## Description of the task
Would you repeat the listing exactly, without any of its images?

++++ Dataset extract ++++

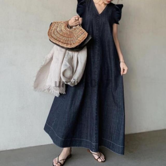 キーワード ワンピース レディース ロングワンピース ロング丈 フレア袖 ワンピ ロング Vネック デニムワンピース デニム 無地 バックリボン 体型カバー ゆったり ゆるっとワンピース シンプル ロングワンピ かわいい 春 夏 大きいサイズ カジュアル 30代 40代 50代 着回し
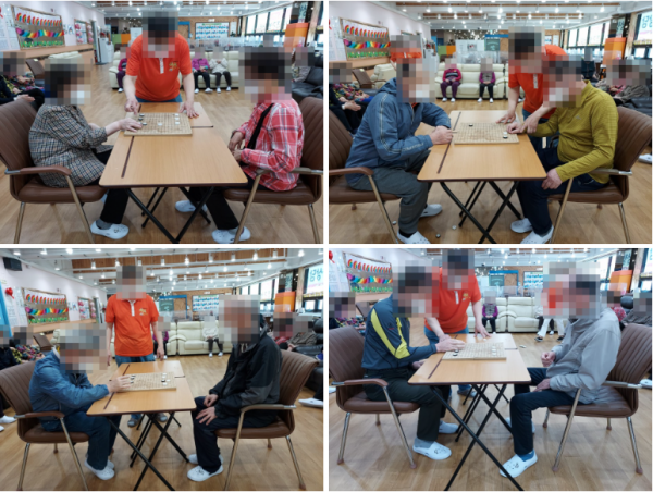 오늘은 신체활동 프로그램으로 "알까기"를 진행해보았습니다.
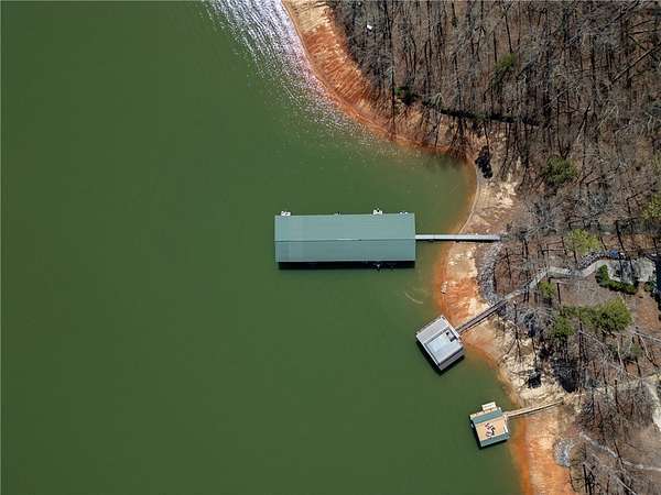 SPORTSMEN'S DREAM! Fishing...Boating...Hunting! Don't miss this rare opportunity to own over 10 acres, a 3 bedroom/2.5 bath home with treehouse views of Lake Hartwell, TWO (2) deeded, unassigned boat slips, AND a 36 x 40 meticulously built outbuilding. Located in the sought after lake front community of Riverlake Subdivision, this home provides main level living featuring 2 car garage, open kitchen/living/dining area, primary bedroom ensuite and laundry. Ascending the concrete drive, the double wrap around porch offers seasonal treehouse views of Lake Hartwell. Upon entering the home an open concept plan filled with an abundance of natural light offers ideal entertaining space. The living area offers water views while enjoying the warmth of a fire. The kitchen cabinetry was replaced in 2022 providing an abundance of storage. The kitchen area also contains additional storage via the walk-through pantry leading to the unique laundry room with a raw edge wood countertop and wet sink. The primary bedroom completes the first level also with views of the lake. French doors lead you into the bath with double vanities, toilet closet, tub, and walk-in shower. Continue through to the walk-in closet which wraps through to the laundry room. The lower floor consists of four rooms with a full bath and accommodates a flexible arrangement for use as secondary family room, bedrooms, office space, exercise rooms, etc. Windows and door open to a covered patio with seasonal views of the lake even from the lower level. Enjoy the view of the lake from the upper firepit along the gravel path leading to the meticulously built and maintained 36 x 40 outbuilding. Open space accommodates a multitude of uses (used as a wood shop by a previous owner). Permanent stairs lead to additional attic space. A secondary water source - well- has been tapped to the exterior of the outbuilding. This area is gated but allows for leveled access from a secondary entrance. The area around the outbuilding has been graveled for parking of RV's and boat trailers and power provided for RV hookup. Adjacent to the outbuilding is an additional 8 plus acres for hunting within SC Department of Natural Resources guidelines and ensures utmost privacy. This package includes 2 deeded, but not assigned, boat slips located at the community dock a short distance away. This secured access includes a private parking area to more easily access your boat. Currently these slips are side-by-side at the end of the dock with the deepest water access. The property is located within 5 minutes to I-85 offering convenience to Greenville and Atlanta. Don't miss this opportunity! Call to schedule a showing today!
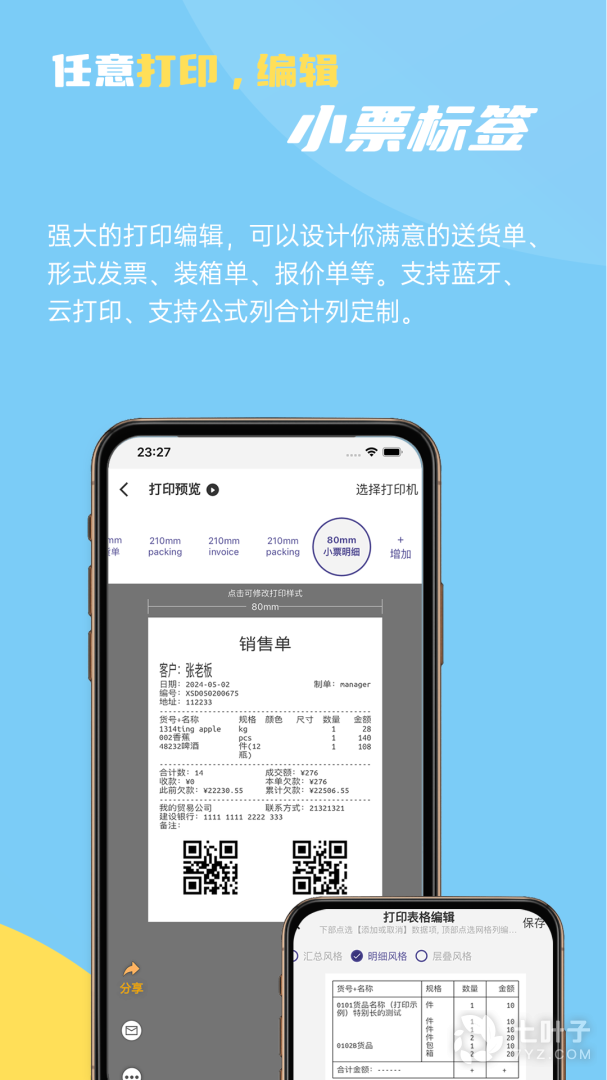 7. 单据打印支持双表格打印,支持上下网格分离打印

++++

## Answer section
 キーワード ワンピース レディース ロングワンピース ロング丈 フレア袖 ワンピ ロング Vネック デニムワンピース デニム 無地 バックリボン 体型カバー ゆったり ゆるっとワンピース シンプル ロングワンピ かわいい 春 夏 大きいサイズ カジュアル 30代 40代 50代 着回し
 오늘은 신체활동 프로그램으로 "알까기"를 진행해보았습니다.
 SPORTSMEN'S DREAM! Fishing...Boating...Hunting! Don't miss this rare opportunity to own over 10 acres, a 3 bedroom/2.5 bath home with treehouse views of Lake Hartwell, TWO (2) deeded, unassigned boat slips, AND a 36 x 40 meticulously built outbuilding. Located in the sought after lake front community of Riverlake Subdivision, this home provides main level living featuring 2 car garage, open kitchen/living/dining area, primary bedroom ensuite and laundry. Ascending the concrete drive, the double wrap around porch offers seasonal treehouse views of Lake Hartwell. Upon entering the home an open concept plan filled with an abundance of natural light offers ideal entertaining space. The living area offers water views while enjoying the warmth of a fire. The kitchen cabinetry was replaced in 2022 providing an abundance of storage. The kitchen area also contains additional storage via the walk-through pantry leading to the unique laundry room with a raw edge wood countertop and wet sink. The primary bedroom completes the first level also with views of the lake. French doors lead you into the bath with double vanities, toilet closet, tub, and walk-in shower. Continue through to the walk-in closet which wraps through to the laundry room. The lower floor consists of four rooms with a full bath and accommodates a flexible arrangement for use as secondary family room, bedrooms, office space, exercise rooms, etc. Windows and door open to a covered patio with seasonal views of the lake even from the lower level. Enjoy the view of the lake from the upper firepit along the gravel path leading to the meticulously built and maintained 36 x 40 outbuilding. Open space accommodates a multitude of uses (used as a wood shop by a previous owner). Permanent stairs lead to additional attic space. A secondary water source - well- has been tapped to the exterior of the outbuilding. This area is gated but allows for leveled access from a secondary entrance. The area around the outbuilding has been graveled for parking of RV's and boat trailers and power provided for RV hookup. Adjacent to the outbuilding is an additional 8 plus acres for hunting within SC Department of Natural Resources guidelines and ensures utmost privacy. This package includes 2 deeded, but not assigned, boat slips located at the community dock a short distance away. This secured access includes a private parking area to more easily access your boat. Currently these slips are side-by-side at the end of the dock with the deepest water access. The property is located within 5 minutes to I-85 offering convenience to Greenville and Atlanta. Don't miss this opportunity! Call to schedule a showing today!
 7. 单据打印支持双表格打印,支持上下网格分离打印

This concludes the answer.